Description of the task
Retype the records below exactly as given, but only from the first line through the line with "El evento incluyó", and without the pictures.

--- Input data Enclosed Below ---

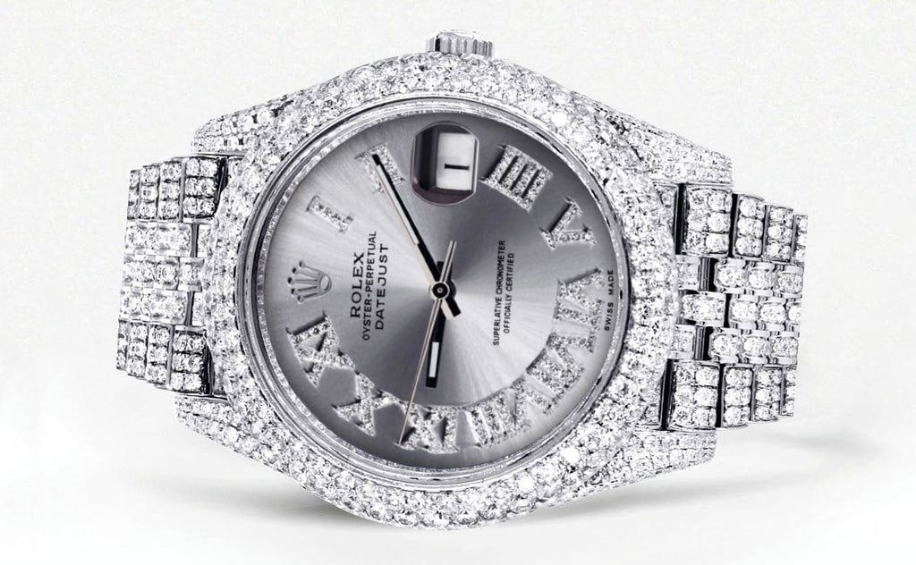 Diamond Iced Out Rolex Datejust 41 | 25 Carats Of Diamonds | Custom Silver Roman Numeral Diamond Dial | Two Row | Jubilee Band
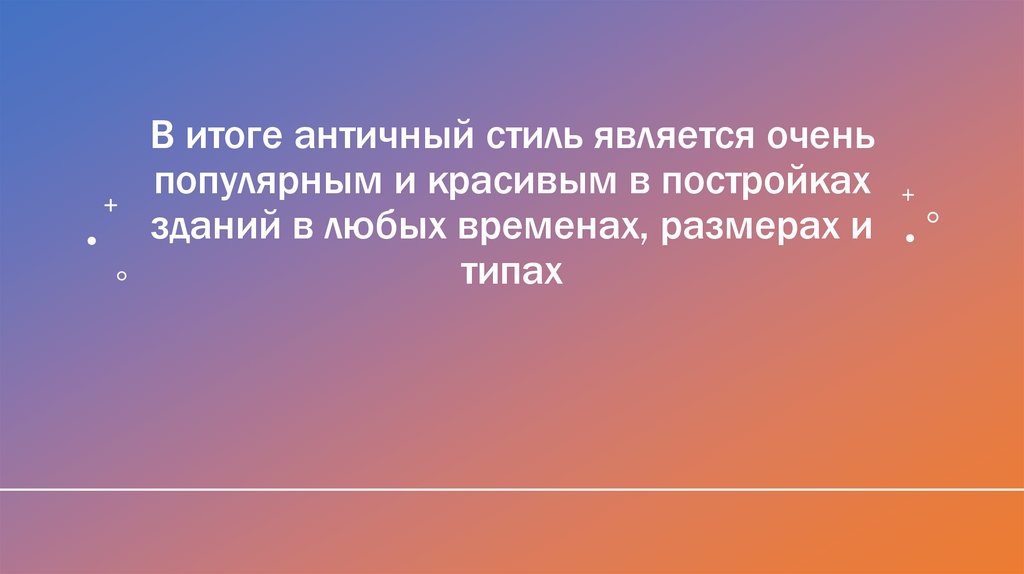 В итоге античный стиль является оченьпопулярным и красивым в постройках
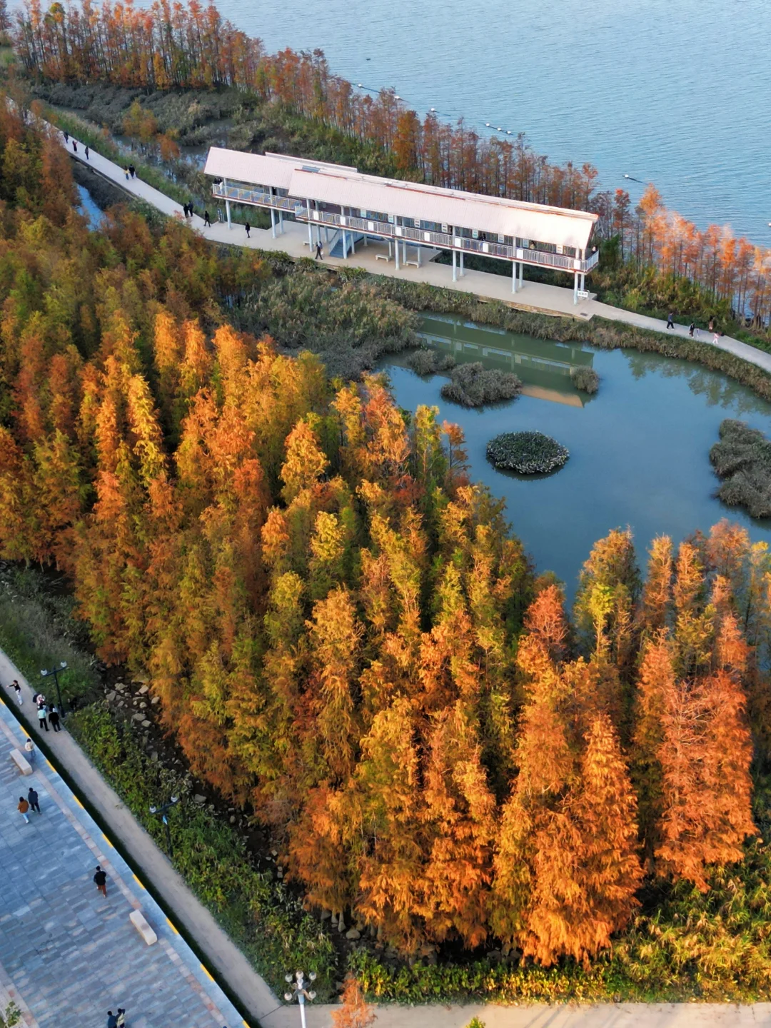 最佳观赏区域位于公园三期北区及市民广场附近,树形挺拔,色彩层叠。建议导航至“读书驿站”精准抵达落羽杉栈道区域。
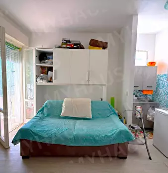 L’abitazione è stata studiata per offrire spazi ben organizzati e funzionali. L’ingresso introduce alla zona living con angolo cottura, pratica e ben integrata, da cui si accede al bagno. L’ambiente principale è luminoso e accogliente, con spazio dedicato alla zona pranzo e una zona notte separata, arredata con letto matrimoniale.
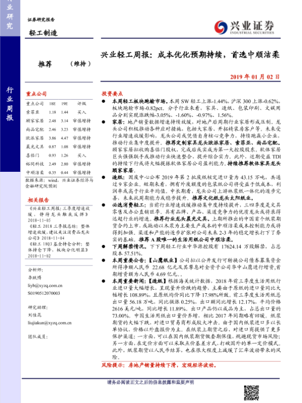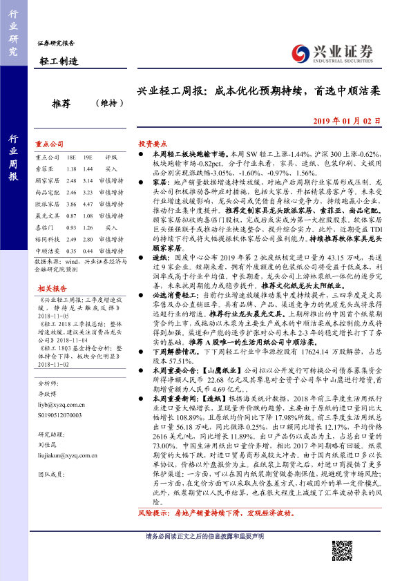 【兴业证券】【20190102】20190102-兴业证券-轻工周报:成本优化预期持续,首选中顺洁柔-23页
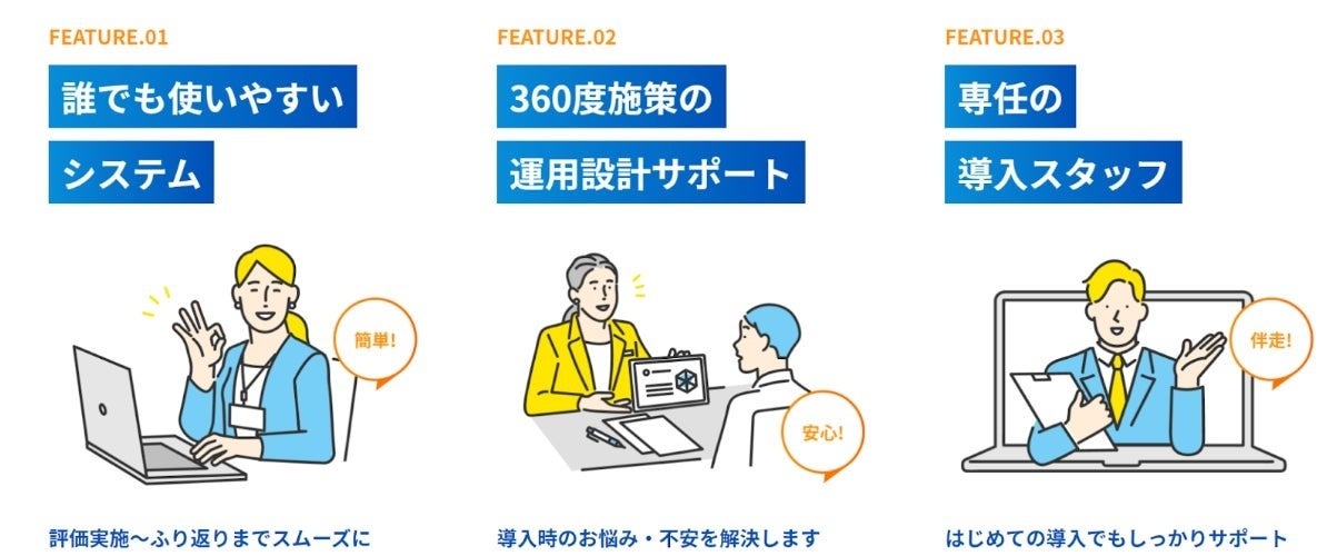 「スマレビfor 360°」の特徴は、「誰でも使いやすいシステム」「360度施策の運用設計サポート」「専任の導入スタッフ」の3点です。これまで、お客様の多数のご意見を元にバージョンアップを重ね、特にユーザビリティの高さ、導入効果を高める配慮(人事部・ユーザーへの丁寧なサポート等)に関しては高い評価をいただいております。
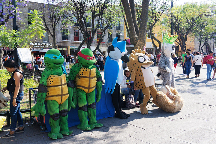 圆堂纪念碑, Rotonda de los Jaliscienses llustres, 罗马柱围绕而成的小公园。旁边有24座雕像,没有拍下来,有点类似于某不放假大学的逢开门必陨教授堂...剧院门口的忍者神龟,丑萌系...来自游记Guadalajara, 遇见龙舌兰之旅
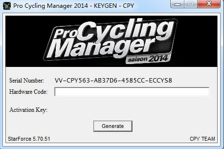 《职业自行车队经理2014》是全球最顶级的自行车赛事,玩家将积极组织和参加各类赛事的比赛,不断的招募高技术水准的队员,管理好自己的团队,该补丁为游戏的CDkey生成器。
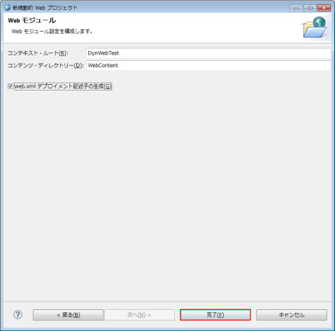 表示されたWeb モジュール 画面に 完了 をクリックすると、プロジェクトDynWebTestが作成されます。
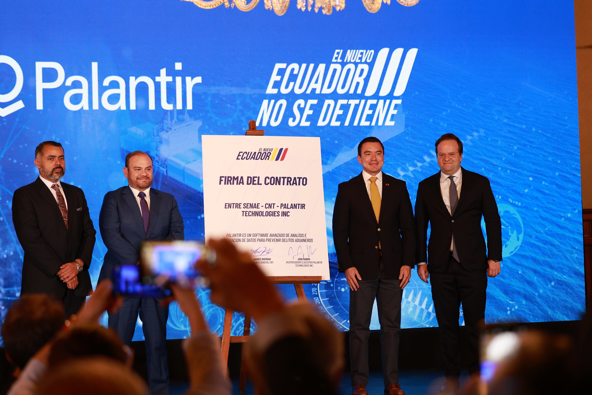 El evento incluyó la firma de un contrato entre el Servicio Nacional de Aduana del Ecuador (SENAE), la Corporación Nacional de Telecomunicaciones (CNT) y Palantir, como parte de la estrategia de transformación digital del Estado.
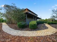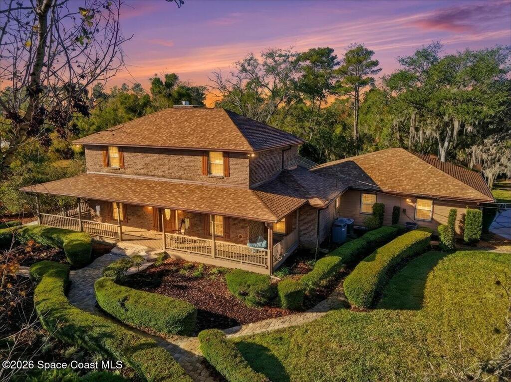 Serene, private 2 story brick (NC Farmhouse style) home with wrap around front porch situated on 1 acre lot. This pool home features 4 bedrooms (3 up, 1 down), 3.5 baths and a 575 sqft bonus room with office. On the main floor is a bedroom and bath, dedicated dining room, kitchen, and half bath along with a living room with fireplace, interior utility/laundry room with adjoining large walk-in pantry. Kitchen has 42'' cabinets with quartz counter top with eat in dining area with built in bench. Upstairs you'll find the primary suite & 2 additional bedrooms as well as a full bathroom. The large primary suite features dual walk in closets and private bathroom. Enjoy your morning coffee listening to the birds on the front porch or out back in your private oasis with a screened in 12X30 pool with lanai that runs the whole width of the home. The fully fenced private yard has a flagstone patio with fire pit, irrigation system with well water, and 2 sheds for additional storage.
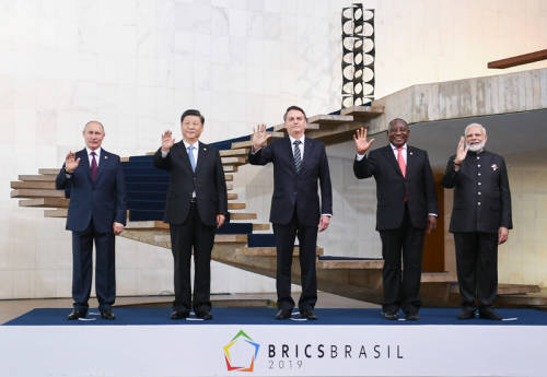 2019年11月14日,金砖国家领导人第十一次会晤在巴西首都巴西利亚举行。巴西总统博索纳罗主持会晤。中国国家主席习近平、俄罗斯总统普京、印度总理莫迪、南非总统拉马福萨出席。五国领导人围绕“经济增长打造创新未来”主题,就金砖国家合作及共同关心的重大国际问题深入交换意见,达成广泛共识。
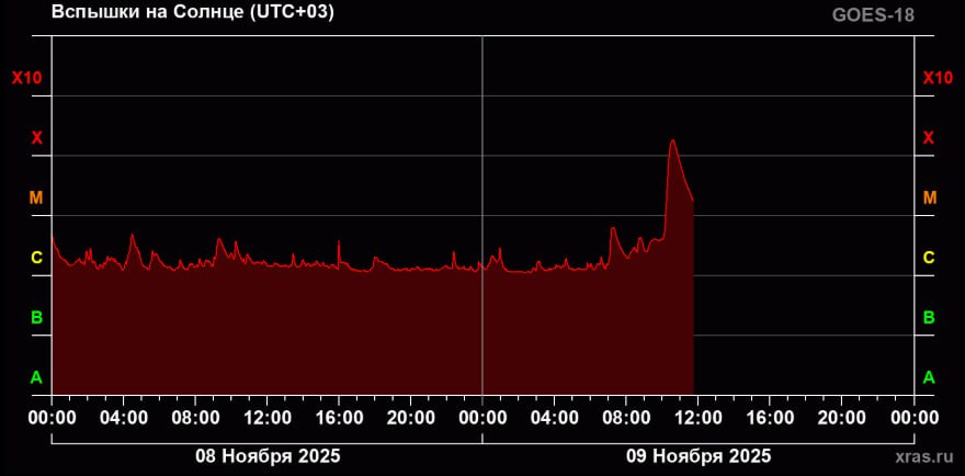 Вспышка направлена на Землю. Её уровень превысил Х (очень сильная).

--- End of Enclosed Input data ---

Exercise output
 Diamond Iced Out Rolex Datejust 41 | 25 Carats Of Diamonds | Custom Silver Roman Numeral Diamond Dial | Two Row | Jubilee Band
 В итоге античный стиль является оченьпопулярным и красивым в постройках
 最佳观赏区域位于公园三期北区及市民广场附近,树形挺拔,色彩层叠。建议导航至“读书驿站”精准抵达落羽杉栈道区域。
 L’abitazione è stata studiata per offrire spazi ben organizzati e funzionali. L’ingresso introduce alla zona living con angolo cottura, pratica e ben integrata, da cui si accede al bagno. L’ambiente principale è luminoso e accogliente, con spazio dedicato alla zona pranzo e una zona notte separata, arredata con letto matrimoniale.
 【兴业证券】【20190102】20190102-兴业证券-轻工周报:成本优化预期持续,首选中顺洁柔-23页
 「スマレビfor 360°」の特徴は、「誰でも使いやすいシステム」「360度施策の運用設計サポート」「専任の導入スタッフ」の3点です。これまで、お客様の多数のご意見を元にバージョンアップを重ね、特にユーザビリティの高さ、導入効果を高める配慮(人事部・ユーザーへの丁寧なサポート等)に関しては高い評価をいただいております。
 圆堂纪念碑, Rotonda de los Jaliscienses llustres, 罗马柱围绕而成的小公园。旁边有24座雕像,没有拍下来,有点类似于某不放假大学的逢开门必陨教授堂...剧院门口的忍者神龟,丑萌系...来自游记Guadalajara, 遇见龙舌兰之旅
 《职业自行车队经理2014》是全球最顶级的自行车赛事,玩家将积极组织和参加各类赛事的比赛,不断的招募高技术水准的队员,管理好自己的团队,该补丁为游戏的CDkey生成器。
 表示されたWeb モジュール 画面に 完了 をクリックすると、プロジェクトDynWebTestが作成されます。
 El evento incluyó la firma de un contrato entre el Servicio Nacional de Aduana del Ecuador (SENAE), la Corporación Nacional de Telecomunicaciones (CNT) y Palantir, como parte de la estrategia de transformación digital del Estado.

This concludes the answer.